Nygaard Egil, Johansen Venke A, Siqveland Johan, Hussain Ajmal, Heir Trond
Department of Psychology, University of OsloOslo, Norway.
Resource Centre on Violence, Traumatic Stress and Suicide Prevention, Western Norway (RVTS West), Haukeland University HospitalBergen, Norway.
Front Psychol. 2017 Jun 1;8:913. doi: 10.3389/fpsyg.2017.00913. eCollection 2017.
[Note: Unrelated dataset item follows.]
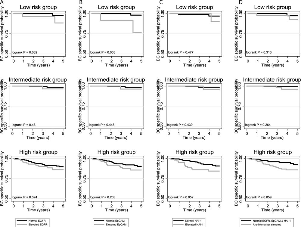 Figure 2: Bladder cancer specific survival curves for normal and elevated biomarker test results for (A) EGFR, (B) EpCAM, (C) HAI-1 and (D) combination of all three biomarkers, within each EAU risk group in NMIBC patients.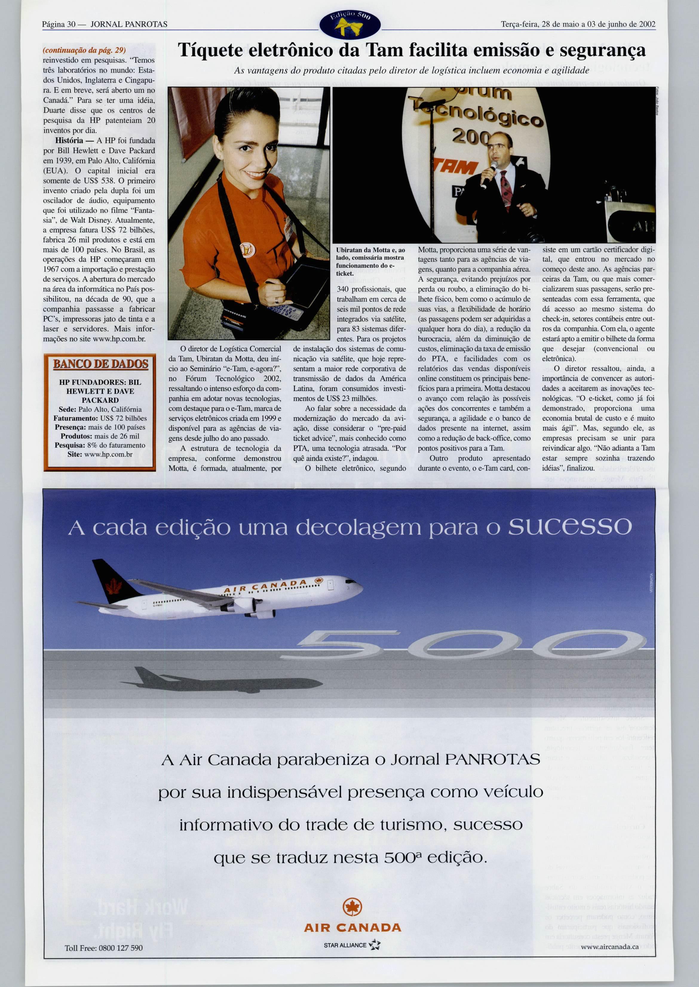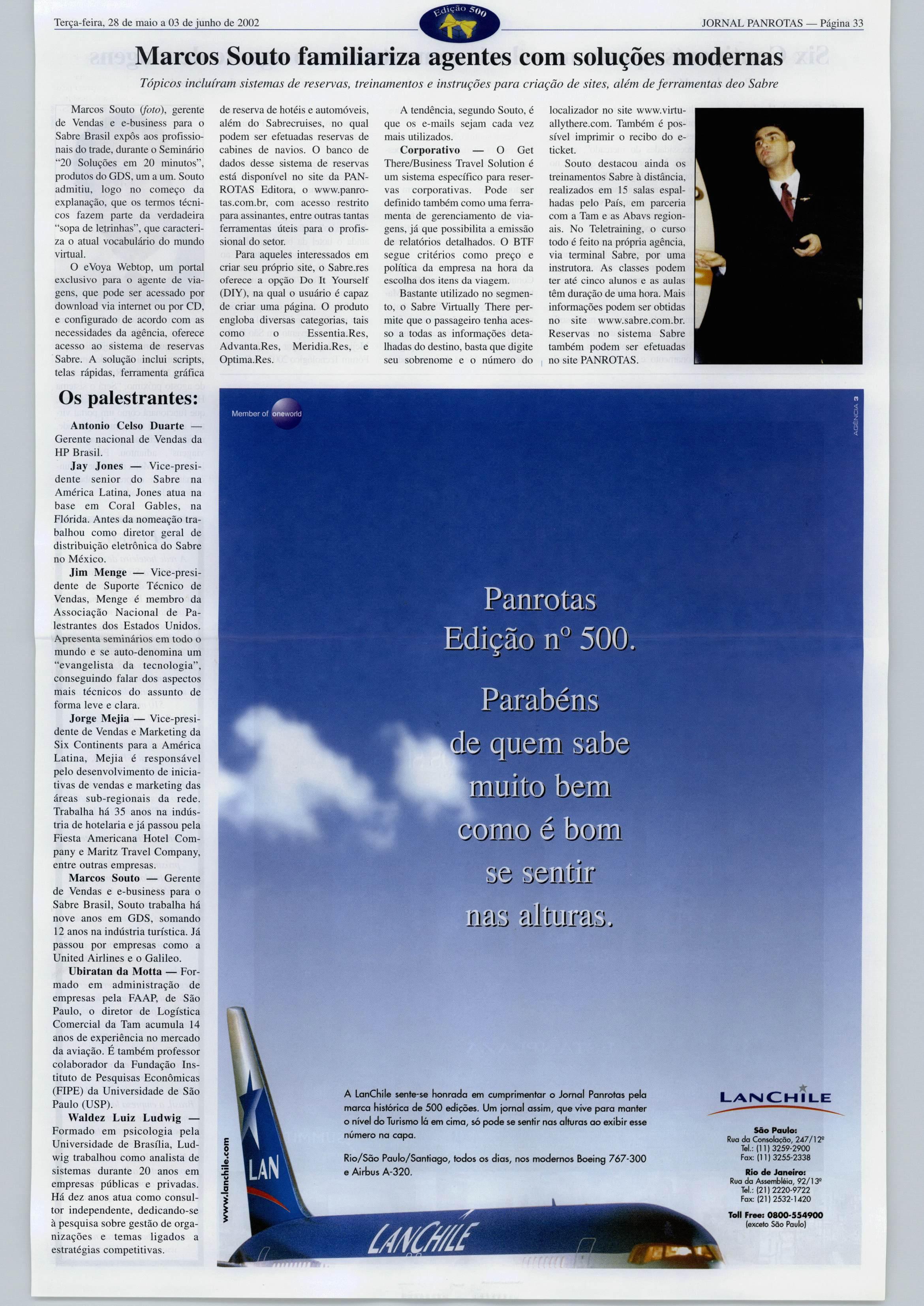 PANROTAS. Agora, nesta semana, comemora-se o número 500 da publicação que,deediçãoem edição, acompanhou de perto os acontecimentos mais importantes da indústria turística brasileira e internacional. Para presentear os leitores, osagentesdeviagens,que prestigiaramo jomal nessas499 edições, a número 500 vem com um enfoque especial;a valorização do trabalho do agente de viagens.

Self-efficacy is assumed to promote posttraumatic adaption, and several cross-sectional studies support this notion. However, there is a lack of prospective longitudinal studies to further illuminate the temporal relationship between self-efficacy and posttraumatic stress symptoms. Thus, an important unresolved research question is whether posttraumatic stress disorder (PTSD) symptoms affect the level of self-efficacy or vice versa or whether they mutually influence each other. The present prospective longitudinal study investigated the reciprocal relationship between general self-efficacy (GSE) and posttraumatic stress symptoms in 143 physical assault victims. We used an autoregressive cross-lagged model across four assessment waves: within 4 months after the assault (T1) and then 3 months (T2), 12 months (T3) and 8 years (T4) after the first assessment. Stress symptoms at T1 and T2 predicted subsequent self-efficacy, while self-efficacy at T1 and T2 was not related to subsequent stress symptoms. These relationships were reversed after T3; higher levels of self-efficacy at T3 predicted lower levels of posttraumatic stress symptoms at T4, while posttraumatic tress symptoms at T3 did not predict self-efficacy at T4. In conclusion, posttraumatic stress symptoms may have a deteriorating effect on self-efficacy in the early phase after physical assault, whereas self-efficacy may promote recovery from posttraumatic stress symptoms over the long term.
自我效能被认为能促进创伤后的适应,多项横断面研究支持这一观点。然而,缺乏前瞻性纵向研究来进一步阐明自我效能与创伤后应激症状之间的时间关系。因此,一个重要的未解决研究问题是创伤后应激障碍(PTSD)症状是否会影响自我效能水平,反之亦然,或者它们是否相互影响。本前瞻性纵向研究调查了143名身体攻击受害者的一般自我效能(GSE)与创伤后应激症状之间的相互关系。我们在四个评估阶段使用了自回归交叉滞后模型:攻击后4个月内(T1),然后在首次评估后的3个月(T2)、12个月(T3)和8年(T4)。T1和T2时的应激症状预测了随后的自我效能,而T1和T2时的自我效能与随后的应激症状无关。T3之后这些关系发生了逆转;T3时较高水平的自我效能预测了T4时较低水平的创伤后应激症状,而T3时的创伤后应激症状并未预测T4时的自我效能。总之,创伤后应激症状可能在身体攻击后的早期阶段对自我效能产生恶化影响,而自我效能可能在长期内促进从创伤后应激症状中恢复。